Queda do Ministro e a dentada de Suárez

Vitor Hugo Soares

A pancada pelas costas que recebeu, esta semana, da presidente Dilma Rousseff, deve ter doído mais na pele e na alma de Cesar Borges – ex-governador da Bahia e ex-senador da República, retirado abruptamente do Ministério dos Tranportes do governo petista -, que a dentada do atacante da seleção uruguaia, Luis Suárez, no ombro do jogador italiano Chiellini.

No primeiro caso, uma manobra política do pesado jogo nacional de poder em curso no país, com vistas às eleições presidenciais deste ano. No segundo, um fato de repercussão mundial, registrado pela câmera de um cinegrafista da TV Globo, na partida que mandou a seleção da Itália de volta para casa, ainda na primeira fase desta tão espetacular quanto polêmica e desconcertante Copa do Mundo de 2014, disputada no Brasil.

Ainda no meio da intensa fumaça dos festejos juninos no Nordeste, junto com as mega-celebrações dos jogos do Mundial, Borges foi apeado quarta-feira, 25, do comando dos Transportes. Crucial e sempre problemática pasta do governo petista, onde até então ele só havia recebido elogios rasgados. A ponto de ser chamado de “o melhor ministro dos Transportes” pela sisuda mandatária do Palácio do Planalto, em suas mais recentes e frequentes passagens pela Bahia.

Borges, um ex-carlista (seguidor de carteirinha do falecido todo poderoso Antonio Carlos Magalhães) foi trocado no cargo, a pedido do comando de seu atual partido, o PR, pelo antecessor no posto, o também baiano e perrepista Paulo Sérgio Passos. Ato polítitico, eleitoral e cirúrgico, aparentemente executado sem uso de anestesia, depois de uma conversa de pé de ouvido e um aperto de mão palaciano da presidente. O médico ACM não teria feito melhor.

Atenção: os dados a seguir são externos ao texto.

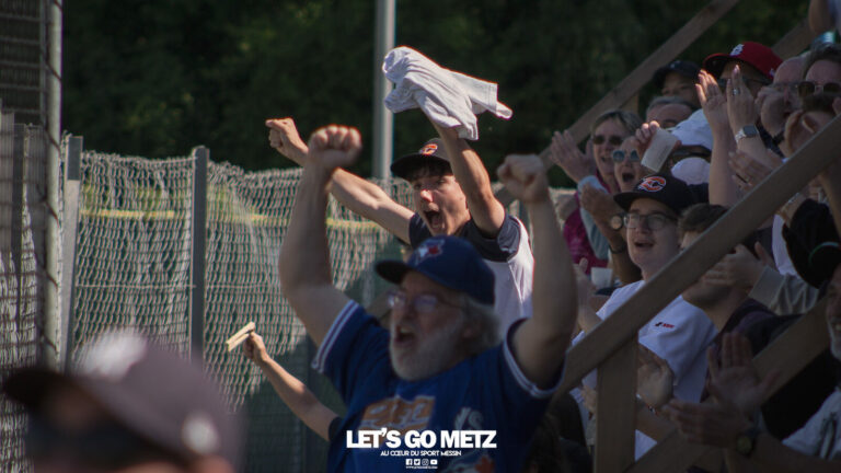 981 Au terme d’un week-end parfaitement négocié, l’équipe 18U (18 ans et moins) des Cometz a remporté la Poule B de la Coupe de France. Trois matchs, trois victoires, et une qualification pour le Final 4 à Chartres les 11 et 12 octobre. La saison a été rude pour les Cometz, avec la relégation de l’équipe fanion du club en deuxième division. Mais ce week-end, l’attention était portée sur l’équipe 18U, qui vise un premier titre de champion de France. Au Cometz Field, la jeune garde messine disputait la phase préliminaire de la Coupe de France de la catégorie. Sur le papier, la poule B semblait être la plus relevée des quatre : Metz, Colmar/Lunéville, Savigny, Sénart. Un parcours parfait Il est rare qu’un week-end se déroule exactement comme prévu. Pourtant, le parcours des Cometz 18U dans la phase préliminaire de la Coupe de France a été l’histoire d’un plan de jeu parfaitement exécuté. Les Messins s’attendaient à un gros combat en ouverture face aux Lions de Savigny. Les Franciliens jouaient leur atout, en plaçant leur meilleur lanceur sur le monticule, auteur d’une saison solide en D1 Baseball. Le staff messin faisait de même, en confiant la balle à Hugo Py. Avec une performance stratosphérique, il guidait ses coéquipiers vers une première victoire (4-3). Le deuxième match présentait une physionomie différente. Les Cometz profitaient de la faiblesse du pitching de Sénart pour prendre le large rapidement. La rencontre finissait avec un score fleuve (19-7). En clôture du week-end, le duel opposant Metz à Colmar faisait office de finale. Le derby était le théâtre d’un gros spectacle, alimenté par la rivalité entre les deux équipes. La fougue et l’insouciance des Alsaciens se heurtaient au sang-froid des Messins. Malgré un effectif jeune avec plusieurs joueurs surclassés, les coéquipiers de Charles Frulloni faisaient preuve d’une grande maturité. Mis en confiance par la performance sereine de leur capitaine sur le monticule, ils répondaient aux provocations adverses par le jeu. Chaque opportunité était saisie, chaque erreur, sanctionnée. Résultat final : 5-1. Avec ces bons résultats, la saison s’étend encore un peu pour les Cometz. Le 11 et 12 octobre, c’est tout le club qui soutiendra les 18U lors du Final 4 à Chartres. Résultats Coupe de France 18UClassement Crédit photo (archives) : Léni Audin (Une) ; Stephan Weyrath / Let’s Go Metz

“Isso dói, e dói mais que uma mordida”, lamentam desde quinta-feira pelos cantos, amigos e aliados do ex-senador Cesar Borges. Dói, ainda mais cruelmente, quando alguns deles recordam das duas mais recentes visitas da presidente Dilma a Salvador, para participar de comícios eleitorais mal disfarçados em “agendas administrativas”: A inauguração da Via Expressa e a entrega, em fase de testes monitorados, dos primeiros sete quilômetros de trilhos do “metrô calça curta!” (a expressão é do próprio governador petista Jaques Wagner, em discurso no dia da festa de entrega).

Nas duas ocasiões, causaram inveja e provocaram ciúmes em históricos companheiros petistas, os abraços e sorrisos agradecidos de Dilma, as imagens e expressões afetuosas de simpatia mútua. Somados aos renovados aplausos e elogios explícitos em pronunciamentos públicos e entrevistas, ao seu então ministro dos Transportes, descartado esta semana, e arrumado às pressas em um cargo de consolação na área de administração dos Portos no País.

Em abril, por exemplo, quando esteve no estado para inaugurar a Via Expressa da capital, a presidente deu uma entrevista exclusiva na Radio Metrópole, em um dos programas de maior audiência em todas as classes no estado, comandado pelo radialista Mário Kertész, ex-prefeito de Salvador.

Na conversa com Kertézs, depois do programa que teve forte repercussão local e nacional no terreno da sucessão, a figura de Cesar Borges, político e gestor, foi elevada às alturas pela presidente. “O melhor ministro dos Transportes”, assinalou Dilma, sem rodeios. Em seguida, fez rasgados elogios à lealdade pessoal e ao profissionalismo de Borges.

Na época, vale lembrar, o PR já estava publicamente rachado, e uma parte da agremiação não fazia a mínima questão de esconder o desconforto e descontentamento com o governo federal. A turma escancarava para gregos e baianos, que Borges, embora filiado ao partido, não era nome de agrado do comando do PR para os Transportes.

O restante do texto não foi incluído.